Neste ponto abrimos um parêntesis para referir a avaliação docente. Embora todos os professores concordem com a avaliação, de um modo geral não a identificam como uma

das funções dos supervisores. Trata-se de um tema sensível, porque o processo avaliativo dos últimos anos enformou vários erros que deixaram marcas indeléveis. Os docentes criticam a falta de justiça do processo avaliativo, a existência de quotas, a burocracia excessiva, etc. Estas críticas são transversais a todos os grupos de entrevistados. O grupo dos coordenadores realça ainda, em particular, os constrangimentos sentidos na observação de aulas: o facto de se tratar de uma avaliação entre pares impossibilita, na sua perspetiva, o aconselhável distanciamento entre avaliador e avaliado, para além de terem de se confrontar, por vezes, com o não reconhecimento da sua competência ou legitimidade enquanto avaliadores.

Nota-se também, pelos discursos, que ainda hoje o processo de escolha para o cargo de coordenador não é considerado o mais adequado e que por vezes os docentes são quase “forçados” a aceitá-lo. A suscetibilidade inerente à supervisão do trabalho de pares e a ausência de contrapartidas para uma tão elevada responsabilidade tornam o cargo pouco apelativo. Independentemente destes fatores, o atual método de escolha não é totalmente aceite pelos docentes – quase todos consideram que a eleição exclusiva pelos pares é um método mais democrático.

As representações dos docentes sobre as funções supervisivas são confirmadas depois pelas suas opiniões sobre o modo como elas são efetivamente desempenhadas na escola. Tendo uma visão muito redutora do cargo de supervisor, os docentes limitam-se a analisar o desempenho dos coordenadores pelo lado mais burocrático do cargo e consideram-no, de um modo geral, positivo.

Pelo contrário, os coordenadores mais uma vez se mostram insatisfeitos, enumeram as dificuldades sentidas, causadas pelos fatores anteriormente referidos, destacando, de novo, a resistência já amplamente mencionada. Identificam ainda outros constrangimentos, como a falta de tempo disponível para a supervisão e a lecionação do mesmo número de turmas que os restantes professores, sem qualquer tipo de redução, que impedem a realização de um trabalho mais profundo e de qualidade. Há a convicção de que só a redução do número de turmas ou a dedicação exclusiva possibilitaria uma efetiva supervisão do trabalho docente.
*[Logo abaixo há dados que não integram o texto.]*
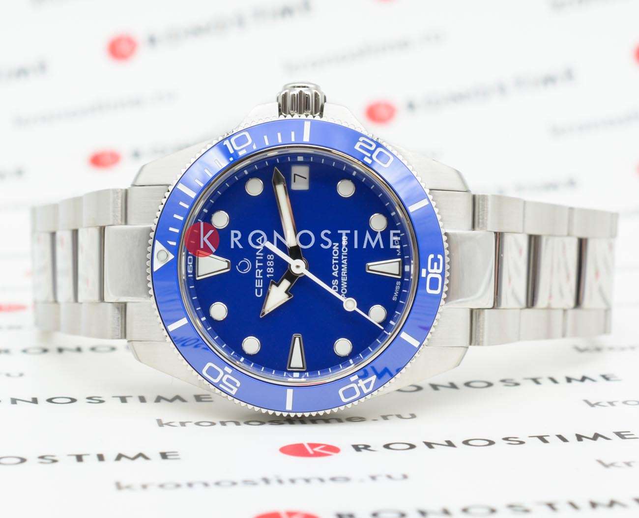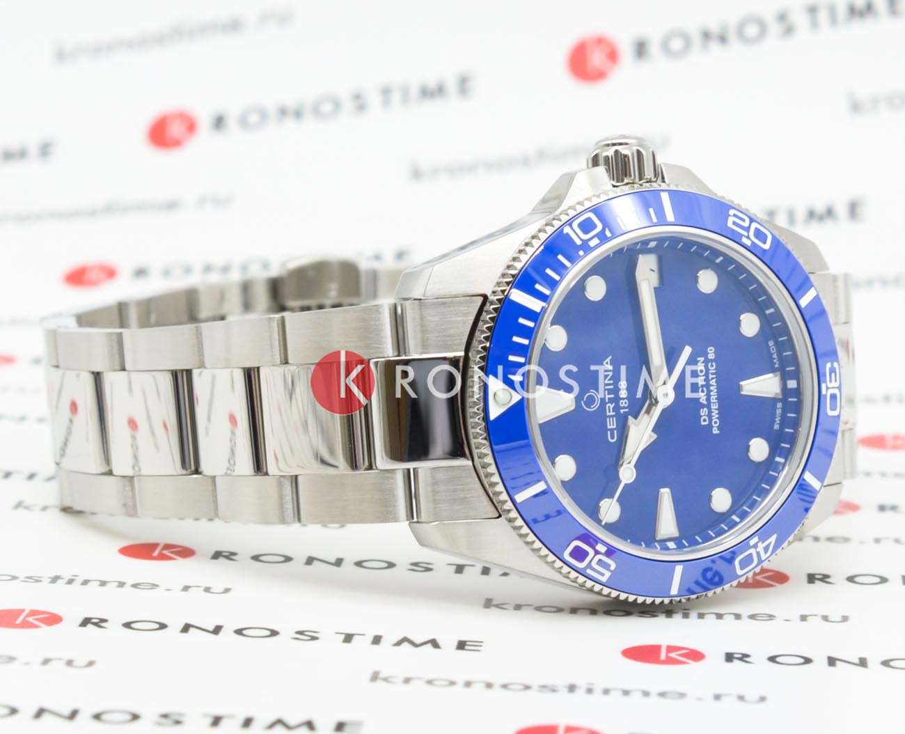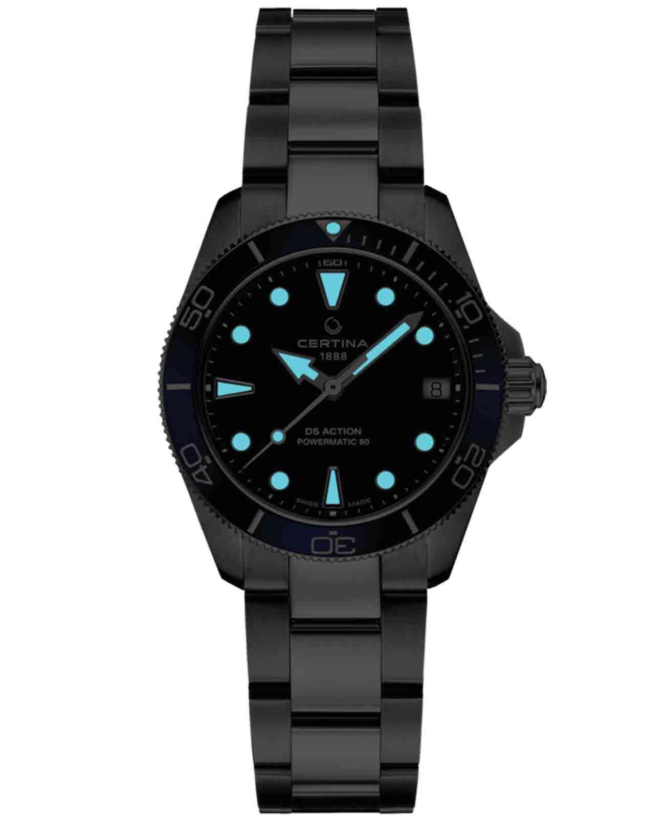 Certina DS Action Lady C032.007.11.041.00 – женские часы для поклонников ярких аксессуаров. И корпус, и браслет изготовлены из высококачественной нержавеющей стали 316L. Под твердым сапфировым стекломСапфировое стеклоПрочный и надёжный материал из кристалла сапфира синтетического происхождения, характеризующийся особой твёрдостью и устойчивостью к царапинам и повреждениям. с антибликовым покрытиемАнтибликовое покрытиеСлой оксида металла в 0,13-0,3 микрон, благодаря которому стекло часов не бликует и не отражает свет. Антибликовое покрытие уменьшает отражение света в 10 раз, обеспечивая отличную читаемость показателей циферблата. находится синий циферблат, на котором вы найдете окошко даты в положении 3 часа и маркировку, покрытую люминесцентным покрытиемЛюминесцентное покрытиеПозволяет считывать показания времени в темноте. Производители наносят на стрелки, часовые индексы, безель или поверхность циферблата светонакопительный состав, дающий холодное свечение. Super-LumiNova. Керамический безельБезельВнешний ободок, закрепляющий стекло. В спортивных часах так называется поворотное кольцо с делениями на циферблате, выполняет роль таймера – замеряет отрезки времени на шкале. Неподвижный безель – элемент декора. Однонаправленно вращающийся безель на дайверских часах позволяет фиксировать моменты погружения и выныривания на поверхность. с минутной шкалой вращается в одном направлении, что позволяет удобно измерять временные отрезки. Все это приводится в действие автоматическим механизмом Powermatic 80Powermatic 80Эксклюзивный калибр от швейцарской компании ETA с увеличенным запасом хода до 80 часов за счёт удлинённой заводной пружины. Характеризуется улучшенной системой спуска со сниженным трением..611 с пружиной Nivachron™Nivachron™Специально разработанный инновационный сплав Nivachron™ повышает устойчивость часов к воздействию магнитных полей.. Класс водозащиты: 300 метров, позволит плавать, нырять и заниматься другими водными видами спорта. Стальной браслет на застёжке-бабочке с кнопкамиЗастёжка "бабочка"Такой вид застёжки дополняется предохранителями, помогающими избежать случайного раскрытия браслета. Обладают изящным исполнением. .

Concluindo, podemos dizer que, quer no decorrer entrevistas, quer depois, na sua análise aprofundada, foi percetível a sensação de impotência que perpassou os discursos dos coordenadores. Neste ponto relembramos a opinião de Diogo (2004), que

considerava que, na sua atuação, os líderes intermédios enfatizavam os aspetos de cariz burocrático e administrativo, em vez de apresentarem novos projetos e abrirem novos caminhos para a escola. Verificamos que é isto que continua a acontecer atualmente, pelo menos nesta escola. Percebe-se, pelos discursos, que da parte dos coordenadores há a tentativa de irem mais além, mas as condições humanas e operacionais não o permitem.

As limitações existentes ao exercício da supervisão, que percecionamos nos discursos dos coordenadores, e que são corroboradas pelas representações dos docentes sobre as competências daqueles enquanto supervisores, induzem-nos ao questionamento sobre o tipo de supervisão que é efetivamente exercido. A conclusão a que chegamos é que é a dimensão burocrática que se salienta, impedindo que se destaquem, no trabalho dos supervisores, as competências que, para Alarcão (2002), são necessárias numa escola reflexiva: competências interpretativas, de análise e de avaliação, de dinamização da formação e relacionais. Na opinião da autora, “fazer supervisão não é um processo meramente técnico” (Alarcão, 2002: 234), mas sim um processo no qual se conjugam as dimensões cognitiva e relacional, em função de dois objetivos fundamentais: o desenvolvimento da escola como organização e o desenvolvimento profissional dos docentes.